When we get to the end of this article, we will discuss some applications of linear regression below.

Applications:

1. Trend lines . A trend line represents the change in some quantitative data over time (eg GDP, oil prices, etc.). These trends usually follow a linear relationship. Hence, linear regression can be applied to predict future values. However, this method suffers from a lack of scientific validity in cases where other potential changes could affect the data.

2. Economics. Linear regression is the predominant empirical tool in economics. For example, it is used to forecast consumption spending, fixed capital investment, inventory investment, purchasing a country`s exports, import spending, demand for liquid assets, demand for labor, and supply of labor.

3. Finance. The capital price asset model uses linear regression to analyze and quantify systematic investment risks.
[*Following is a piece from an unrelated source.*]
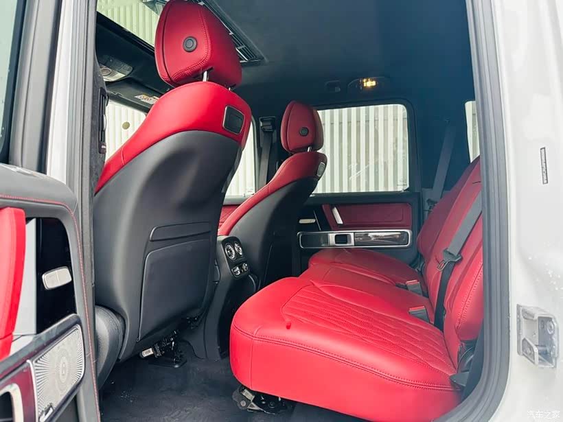 标配:4.0T V8 汽油发动机、雷达测距、360环影、AMG外观套件(AMG包围,AMG运动卡钳,前六后四活塞,AMG运动方向盘、AMG运动轮毂)、几何光束LED灯组、双边四出排气、前排座椅通风加热、后排座椅加热、真皮座椅、三把差速锁、阻尼悬挂、前后雷达、自动泊车、停车辅助、并道辅助、大G专属隐形天窗、麂皮内顶、二排隐私玻璃、柏林之声音响

4. Biology. Linear regression is used to model causal relationships between parameters in biological systems.

Links:

This blog is courtesy of by Nikhil Kumar . If you like Python.Engineering and would like to contribute, you can also write an article using contrib.python.engineering, or email your article to [email protected] See my article appearing on the Python.Engineering homepage and help other geeks.

Please post comments if you find anything wrong or if you would like to share more information on the topic discussed above.